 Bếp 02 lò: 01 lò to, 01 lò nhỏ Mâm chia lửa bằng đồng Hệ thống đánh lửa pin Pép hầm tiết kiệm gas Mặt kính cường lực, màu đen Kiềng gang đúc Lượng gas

******

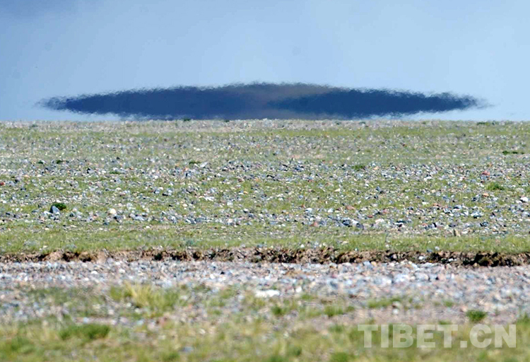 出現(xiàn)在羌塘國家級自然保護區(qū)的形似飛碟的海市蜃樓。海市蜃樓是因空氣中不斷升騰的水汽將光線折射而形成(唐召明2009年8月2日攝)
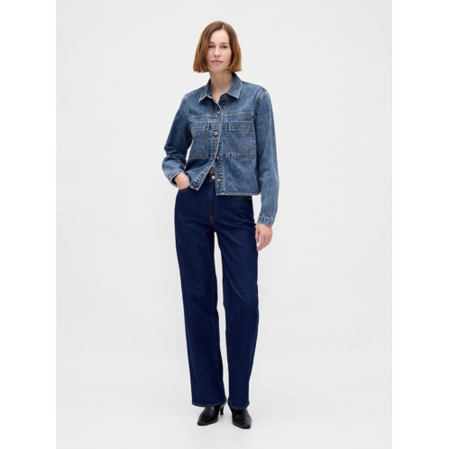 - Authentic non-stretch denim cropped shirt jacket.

******

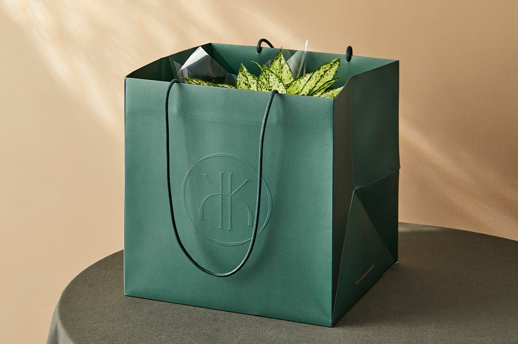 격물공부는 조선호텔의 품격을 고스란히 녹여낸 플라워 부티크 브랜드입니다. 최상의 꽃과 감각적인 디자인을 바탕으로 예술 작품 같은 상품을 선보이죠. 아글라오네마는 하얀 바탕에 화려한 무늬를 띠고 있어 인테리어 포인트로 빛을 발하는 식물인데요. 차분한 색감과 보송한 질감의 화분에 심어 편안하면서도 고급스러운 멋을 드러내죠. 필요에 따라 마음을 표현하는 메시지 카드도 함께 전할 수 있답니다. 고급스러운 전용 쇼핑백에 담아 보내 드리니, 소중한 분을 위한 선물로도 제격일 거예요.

******

### Action item
Copy the lines above exactly, starting with the line that contains "出現(xiàn)在羌塘國家級" and ending with the line that contains "- Authentic non-stretch", and leave out any pictures.

### Exercise output
 出現(xiàn)在羌塘國家級自然保護區(qū)的形似飛碟的海市蜃樓。海市蜃樓是因空氣中不斷升騰的水汽將光線折射而形成(唐召明2009年8月2日攝)
 - Authentic non-stretch denim cropped shirt jacket.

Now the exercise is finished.